I won’t go into the mess of unknown services underground.
Agreed. It’s an excellent idea in principle and I hope it develops further. The real world usage requires a much higher precision than this, this is a rough tool at best by the looks of it.
The reality capture and reality capture visualization happens with support from RTK-enabled receivers, including highly portable Leica FLX100. The model placement is done with up to 1cm level accuracy. Orientation is done with sub-0.2° accuracy thanks to the patent pending positioning tech from vGIS.
@Archie, numerous real-life scenarios don’t require 1mm accuracy. Some do, and the reality capture is done with high-accuracy LiDAR scans. However, many ordinacy scenarios don’t require 1mm accuracy. With the cost per scan in single dollars, this technology is used by 100s of companies around the world to analyze issues, preserve evidence and build up archives of excavations.
@vGIS Team.
Respectfully, you won’t be offended if I don’t take YOUR word for it.
Concept is excellent, don’t really care for the reply. Reflexive and defensive replies from companies marketing this isn’t winning you any points. Think about how you reply to people properly before making that jump.
There is something very suspicious about these videos. What’s the source of the data?
They show highly-detailed, full colour 3D images of the insides of trenches – including how cables are twisted together and lay across each other, and even leaves lying in the side.

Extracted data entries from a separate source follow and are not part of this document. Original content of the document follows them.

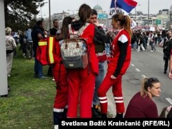 Pet punktova prve pomoći biće raspoređeno po celom gradu tokom protesta, kaže Anja za RSE, studentkinja koja radi u sklopu jedinice za prvu pomoć građanima.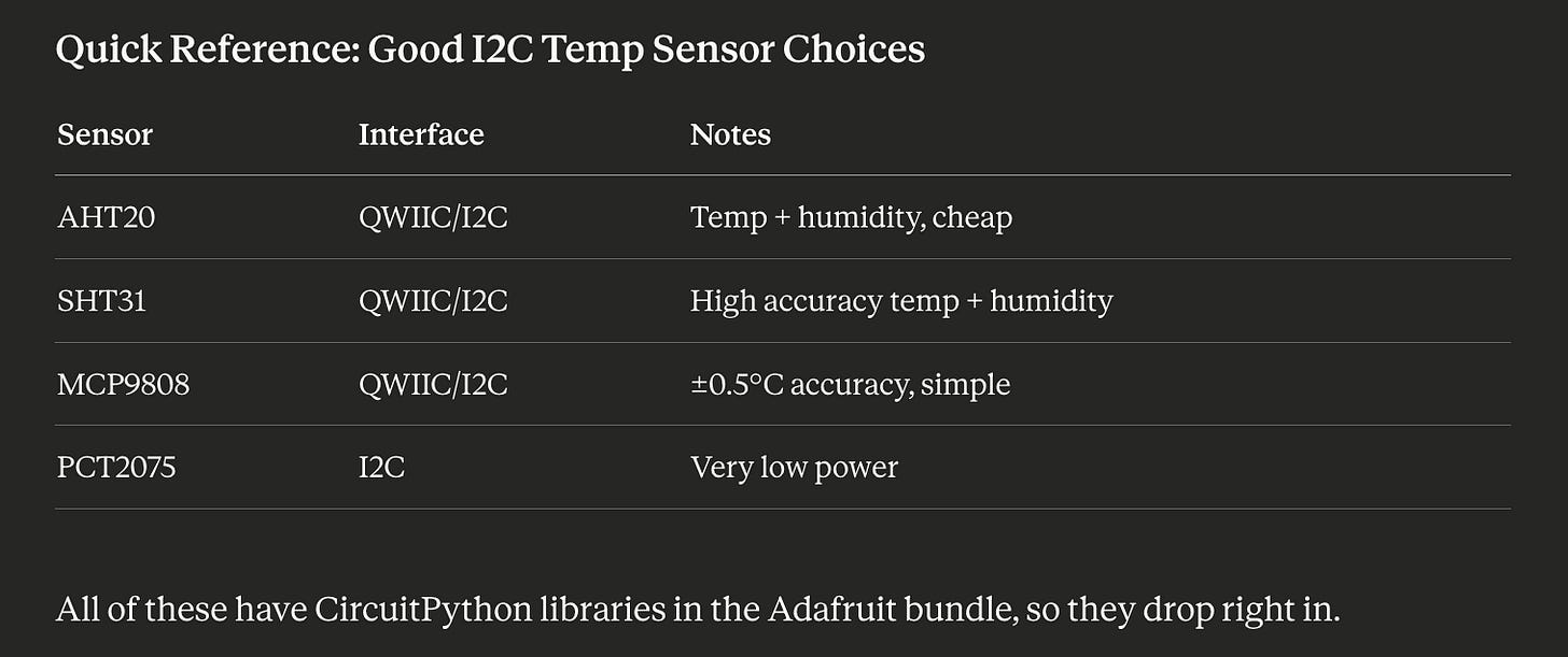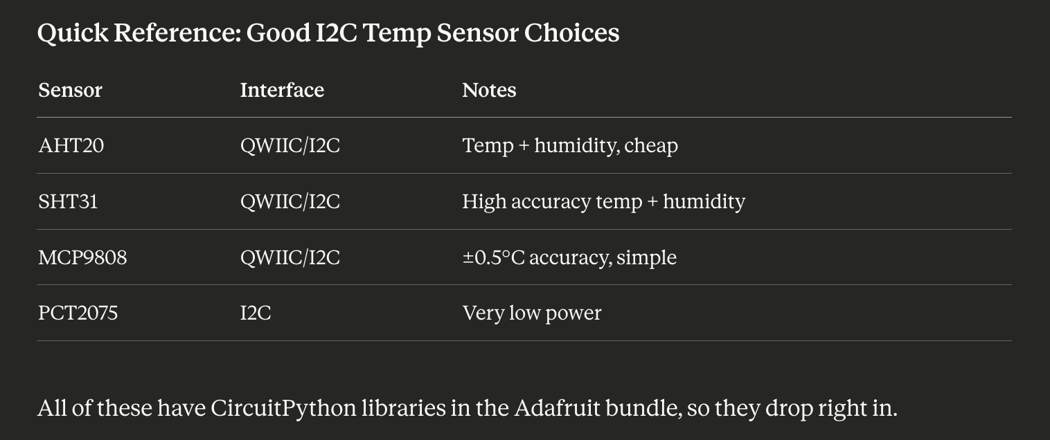 Yes, some percentage of the facts that Claude spouted back to me were actually written by ME a few years prior. And upon further inquisition of Claude, I decided that the BMP180 temperature/pressure sensors that I HAD ALREADY ordered on Amazon was inferior to an MCP9808 device that it informed me about.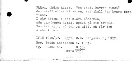 //// Skära, skära havre. Vem skall havren binda'' _ det skall £lllz*cl }CQ*x*cLS ten, var skall jag honom £±xk //// ^P finna. //// I går afton, i det klara månasken, C såg jag honom komma, spela på sin trumma. //// Var tar sitt, så tar ja mitt, så får den siste intet. //// IFGH 1018/39* Uppt. C.M. Bergstrand, 1927. //// Ber. Frida Andersson f. 1864» Vg. Lena sn. D 30. //// NORD MTTÉ7 //// V. « »- •-•>. .. ... ... i. //// t . ^ . —,—,---•—---— --- ////

This definitely doesn’t come from a GIS, nor from ground-penetrating radar. Neither is going to store or show the location of leaves! Don’t forget that the trench doesn’t even *exist* any more. It has been filled in, and is all just solid ground now.
I can see two possibilities:
1. The images come from photographs taken from multiple angles while the trench was open. That’s quite cool – but very few areas will have photographs like this on file.
2. It’s all synthetic: a computer-artists view of what a trench *might* look like, how the cables *might* be laid across each other, and so on. In this case, it’s worse than a GIS map. It gives a false sense of accuracy, when the GIS data just says cable goes from position (x1,y1) to (x2,y2) at nominal depth (z).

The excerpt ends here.